• [Exercise]:
When the line with "雄忻高鐵跨胭脂河大橋連續剛構" appears below, start repeating lines exactly, and keep going through the line with "Mobile Tv con"; add nothing outside that span.

• [Data]:

Start of Block

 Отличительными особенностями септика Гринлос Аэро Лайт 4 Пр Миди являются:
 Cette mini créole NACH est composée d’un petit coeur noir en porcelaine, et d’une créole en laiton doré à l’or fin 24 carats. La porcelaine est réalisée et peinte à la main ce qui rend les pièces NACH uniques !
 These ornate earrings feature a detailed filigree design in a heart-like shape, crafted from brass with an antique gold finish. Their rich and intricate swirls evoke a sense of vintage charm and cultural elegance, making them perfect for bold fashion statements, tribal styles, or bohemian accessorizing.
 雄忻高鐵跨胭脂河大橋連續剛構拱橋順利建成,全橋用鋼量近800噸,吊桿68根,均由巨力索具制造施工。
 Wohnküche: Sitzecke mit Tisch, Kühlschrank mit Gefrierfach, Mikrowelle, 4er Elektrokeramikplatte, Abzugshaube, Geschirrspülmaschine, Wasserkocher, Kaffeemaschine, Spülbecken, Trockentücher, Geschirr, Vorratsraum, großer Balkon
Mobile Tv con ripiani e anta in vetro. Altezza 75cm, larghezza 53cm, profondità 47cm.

End of Block
Start of Block

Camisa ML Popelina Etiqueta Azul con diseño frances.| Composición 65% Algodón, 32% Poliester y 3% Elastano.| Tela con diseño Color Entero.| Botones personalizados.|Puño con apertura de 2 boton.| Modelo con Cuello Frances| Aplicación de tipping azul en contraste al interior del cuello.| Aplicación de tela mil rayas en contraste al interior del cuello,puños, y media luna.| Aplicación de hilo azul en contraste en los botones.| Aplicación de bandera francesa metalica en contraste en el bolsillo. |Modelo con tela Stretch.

End of Block

• [Reply]:
 雄忻高鐵跨胭脂河大橋連續剛構拱橋順利建成,全橋用鋼量近800噸,吊桿68根,均由巨力索具制造施工。
 Wohnküche: Sitzecke mit Tisch, Kühlschrank mit Gefrierfach, Mikrowelle, 4er Elektrokeramikplatte, Abzugshaube, Geschirrspülmaschine, Wasserkocher, Kaffeemaschine, Spülbecken, Trockentücher, Geschirr, Vorratsraum, großer Balkon
Mobile Tv con ripiani e anta in vetro. Altezza 75cm, larghezza 53cm, profondità 47cm.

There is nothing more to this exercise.